Fiancé Visa Document Checklist

Date applied online: 28 August 2017 

Biometrics Appointment Scheduled: 8 September 2017 


FORMS

•	Visa4UK online application – Settlement/Settlement/Marriage with corrections made (I entered the wrong expiry date on the information I provided for my previous student visa & put ‘Friend’ as relationship to sponsor rather than ‘partner’) – I crossed through the errors and wrote correct answers beside it

•	Form VAF4a Appendix 2 



FINANCIAL REQUIREMENT/SPONSOR DOCUMENTS

•	6 months original stamped bank statements (highlighted where income was paid into monthly)
•	6 months original stamped pay slips from HR (these were sent to be scanned – is that ok?)
•	Original employer letter signed by sponsor’s manager as per UKVI guidelines 
•	Original copy of employment contract from January 2017 (also signed by HR)
•	Letter stating successful end of probationary period and confirmation of current full-time employment status (signed)
•	Sponsor letter (signed and scanned to me) 
•	Scanned copy of passport – Is just the color copy okay?
•	Utility bill? – don’t have this but does fiancé need to provide this? He lives with his parents




ACCOMODATION (LIVING WITH PARENTS)

•	Letter from parents confirming that it is ok to live with them until we can afford to purchase our own property & also confirming our relationship and intentions to marry (signed by both parents)
•	Copy of land deed
•	Council tax bill (with details of mortgage already paid off)




APPLICANT DOCUMENTS

•	Original (current) passport
•	Previous passport
•	Applicant letter (with details of previous immigration history on student visa in UK & relationship)
•	2 passport sized color photos
Is there anything else I must provide?


PROOF OF RELATIONSHIP

•	35 Photos in chronological order over the last 3 years of relationship together AND with family and friends
•	Facebook screenshots of posts showing relationship stages
•	Facebook and Instagram posts of pictures, etc.
•	Text and Facebook messages between each other (how far back should I show to provide sufficient proof of long term communication?)
•	Email trails between us and wedding venue
•	Email trails between us and wedding vendors (e.g. photographer, musicians, etc.)
•	Venue deposit receipt
•	Insurance coverage receipt for engagement ring
•	Copies of flight bookings for visits between USA & UK
•	Hotel booking email
•	Airbnb booking email
•	E-receipts from any gifts or cards purchased
•	Cards exchanged between each other 
•	Congratulations cards from family & friends
•	Scanned copy of letter from registry office stating that we cannot give notice until visa granted 
•	Screenshot showing how many emails exchanged between fiancé and I 
•	Receipt for repairs made to engagement ring
•	Save the Date card
•	Supporting letter from my mom (signed)
•	Emails between myself and bridesmaids & wedding planner

Additional questions:

- Do myself or sponsor need to provide original birth certificate?
- How should cover letter be formatted for each section?
- Passport scans of previous passport or just current one? I am sending my previous passport in with my application as it has my previous visa in there

Thank you for any help!


----------



## clever-octopus (May 17, 2015)

Sponsor's scanned passport just needs to be the bio pages. Colour is fine

You don't need a utility bill in addition to the accommodation evidence you're providing

You don't need any birth certificates

You don't need a cover letter "for each section" - your only cover letters should be from each of you, stating a brief timeline of your relationship in your own words, the circumstances of how you plan to marry, and brief plans for the future. It's not required, but it sounds like you have these written out already. Just include the documents themselves, no dividers or folders or anything.

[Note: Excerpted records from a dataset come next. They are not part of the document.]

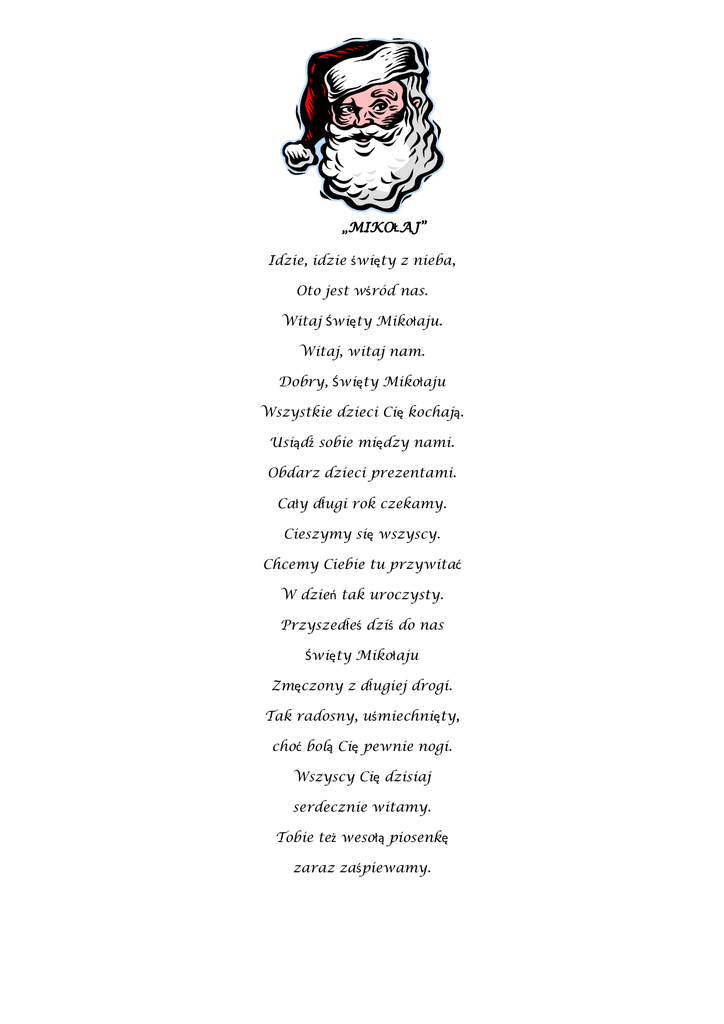 „MIKOŁAJ MIKO AJ” AJ” Idzie, idzie święty z nieba, Oto jest wśród nas. Witaj Święty Mikołaju. Witaj, witaj nam. Dobry, Święty Mikołaju Wszystkie dzieci Cię kochają. Usiądź sobie między nami. Obdarz dzieci prezentami. Cały długi rok czekamy. Cieszymy się wszyscy. Chcemy Ciebie tu przywitać W dzień tak uroczysty. Przyszedłeś dziś do nas Święty Mikołaju Zmęczony z długiej drogi. Tak radosny, uśmiechnięty, choć bolą Cię pewnie nogi. Wszyscy Cię dzisiaj serdecznie witamy. Tobie też wesołą piosenkę zaraz zaśpiewamy.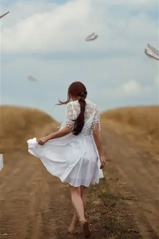 白色纱裙美女背影图片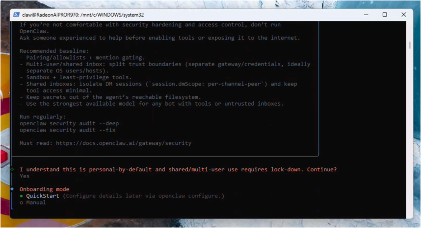 阅读安全警告后,按左箭头键切换至"是"选项,然后按回车键继续。再次按回车键选择“Quick Start(快速开始)"。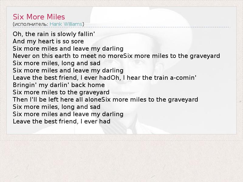 А как ты думаешь, о чем песня "Six More Miles" ?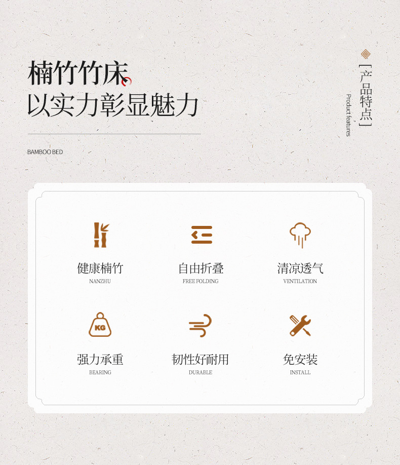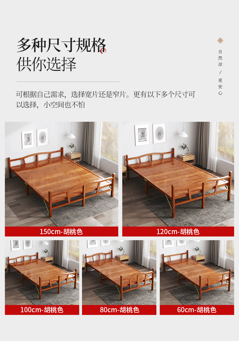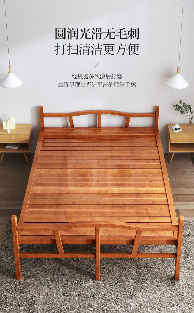 대나무 침대 접이식 침대 싱글 더블 렌탈 가구 간단한 침대 성인 점심 식사 작은 침대 대나무 단단한 나무 보드 차가운 침대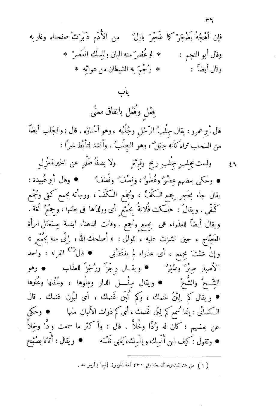 ويقال أيضا للعذراء هي بجمع وجمع وقالت الدهناء ابنة مسحل امرأة العجاج حين نشزت عليه للوالي أصلحك الله إني منه بجمع وإن شئت بجمع أي عذراء لم يفتضنى قال الفراء واحد الأصبار صبر وصبر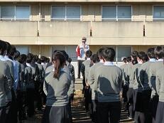 11月2日に地震を想定したシェイクアウト訓練と火災を想定した避難訓練を行いました。現在校生はコロナ禍により、時間差での避難訓練が続いていましたが、今回は全校一斉での避難訓練となりました。避難後、校長先生の講評及び大塚消防施設様による講話が行われました。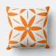 Energize your space with this orange geometric floral throw pillow featuring a mid-century modern starburst pattern.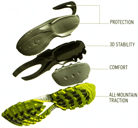 3D Advanced Chassis™ to specjalna platforma zamontowana pomiędzy podeszwą zewnętrzną a środkową, której celem jest ochrona przed oddziaływaniem nierówności podłoża. System ten dodatkowo gwarantuje niezbędną podczas chodzenia przyczepność oraz ergonomiczne ruchy. Absorbując wstrząsy zabezpiecza staw skokowy w okolicy pięty oraz kostkę przed skręceniem.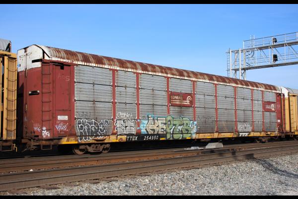 TTGX 991609 is seen in the consist of CSX L277-15 at Wilmington, DE on 12/15/18. Rack number is CR 10017, built 3-94 and is now owned by NS.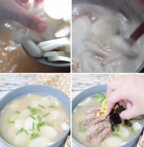 Cuối cùng là múc canh bánh gạo ra tô, rắc lá hành cắt nhỏ, xếp 1 vài lát thịt bò, trứng và rong biển khô cắt sợi, vài lát ớt đỏ và chút tiêu xay là có thể thưởng thức ngay rồi.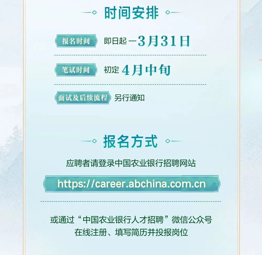 >招聘信息 | 【3月31日截止】中国农业银行广西分行2026年度春季招聘正式启动!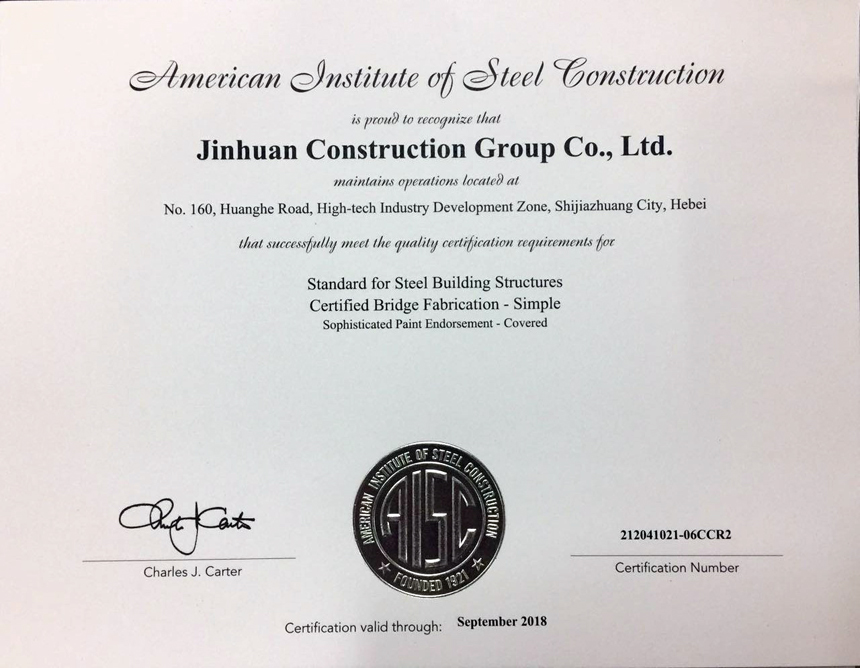近日,我公司成功獲得美國鋼結(jié)構(gòu)協(xié)會(huì)(AISC)頒發(fā)的認(rèn)證證書,認(rèn)證范圍包含建筑鋼結(jié)構(gòu)(Steel Building Structures)認(rèn)證,以及橋梁(Bridge Fabrication)認(rèn)證等范圍。這是自2015年連續(xù)第3年獲得該機(jī)構(gòu)認(rèn)證,是對(duì)金環(huán)建設(shè)集團(tuán)全方位質(zhì)量管理的再一次認(rèn)可,印證了金環(huán)建設(shè)集團(tuán)“締造金牌建筑,創(chuàng)建環(huán)世精品”的價(jià)值追求,向全美國甚至全世界證明金環(huán)建設(shè)集團(tuán)值得信賴。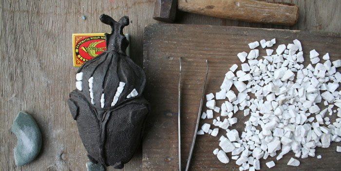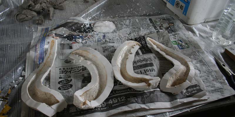 ノコギリクワガタのアゴを石膏取りする。 大学にいた頃は、随分と恵まれた環境で制作していたなあ。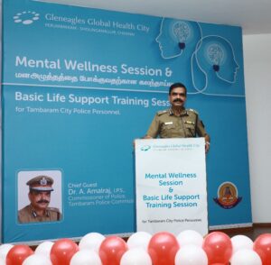Commenting on the initiative, Dr. Alok Khullar, CEO, Gleneagles Global Health City, said, “We are honored to collaborate with the Tambaram Police Commissionerate to offer this mental wellness session for our valued police personnel. They selflessly dedicate their lives to ensuring the safety and security of our community, often at the expense of their own well-being. Through this initiative, we hope to provide them with the support they need to navigate the challenges of their profession and maintain optimal mental health.”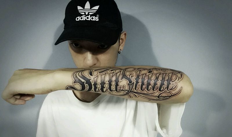 当前位置: 首页 >重庆市纹身店-木良拾贰文身艺术工作室纹身图案>奇卡诺纹身图片_手臂欧美字符原创奇卡诺成品纹身图案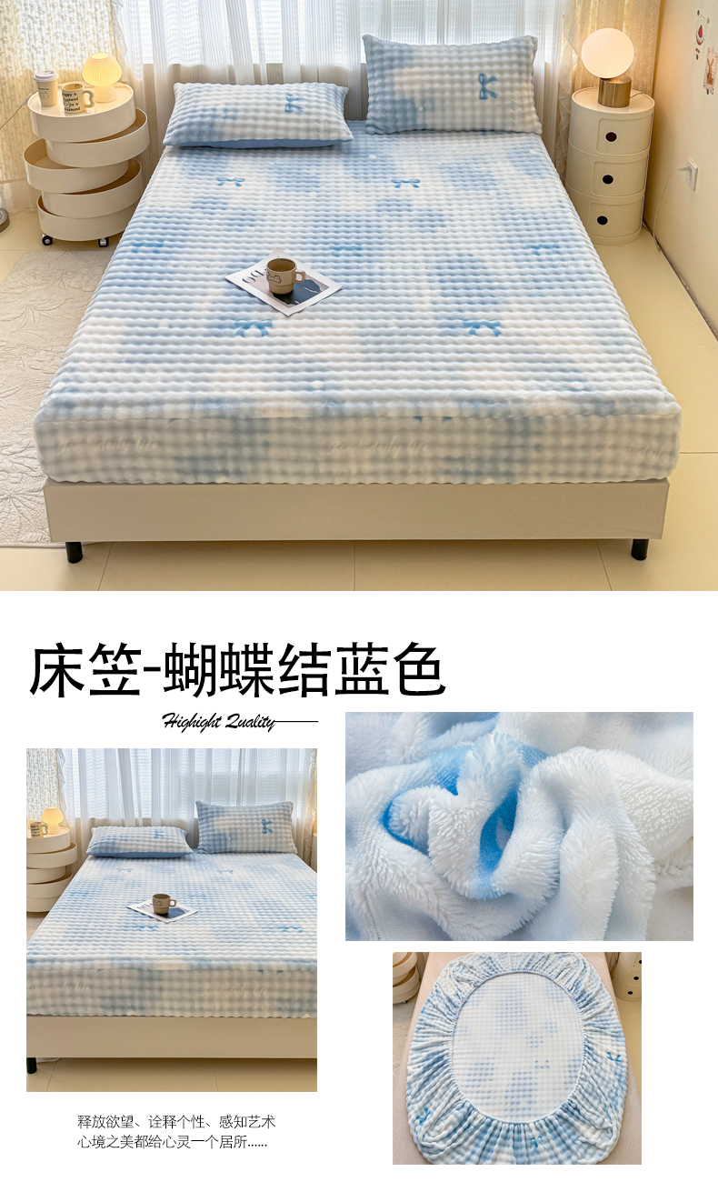 (总)小叮当家纺仓储工厂店 2025新款200克高克重牛奶绒单品床笠单件床笠,绒粉,绒黑,绒蓝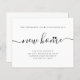 Simple elegant minimalist black and white new home handwriting calligraphy script moving announcement. ++++++++++++ Easy to personalise with your text and new home address! ++++++++++ PLEASE READ THIS BEFORE PURCHASING! This is a budget affordable wedding card printed on a paper sheet (each sheet has one card). ++++ For the best rapport price-quality, our advice is to choose the Semi-Gloss paper type (it is thick enough to be used for stationery) ++++ If you need envelopes, choose the ENVELOPE OPTION. +++ Double-check all the information and spelling of your text because you will receive exactly what you see - no one else will check anything before printing. ++++ This card is designed for size 4.5" x 5.6". In the case you choose another size of the card and text goes outside page, everything needs to be fixed before adding the product to cart. Please ask Live Design Service for help.

Send in copies of any documents you need back, including previous passport

Notes:

35 photos is way too many, keep it to 10-15. Don't bother with cards from family/friends, they are interested only in communication between the two of you. You are including an overwhelming amount of evidence and very little of it is actually necessary. For proof of intent to marry, the venue deposit receipt, actual receipts (not email trails) for material items for the wedding (rings/dress), and communication with the registry office should be fine. They don't care about communication with your bridesmaids, that's way over the top. 

Don't include Facebook posts showing relationship stages. That's not communication evidence, so it's not really useful. Please also note that the home office is not actually even asking for communication evidence anymore. Normally we'd recommend 10-15 pages MAX of snippets of communication including some chat logs/screenshots of communication, or phone/video calls (from the beginning of your relationship until present), but the jury is out on whether any of it is even necessary to provide up front.


----------



## domeonga96 (Aug 28, 2017)

*Additional Questions*

"35 photos is way too many, keep it to 10-15. Don't bother with cards from family/friends, they are interested only in communication between the two of you. You are including an overwhelming amount of evidence and very little of it is actually necessary. For proof of intent to marry, the venue deposit receipt, actual receipts (not email trails) for material items for the wedding (rings/dress), and communication with the registry office should be fine. They don't care about communication with your bridesmaids, that's way over the top.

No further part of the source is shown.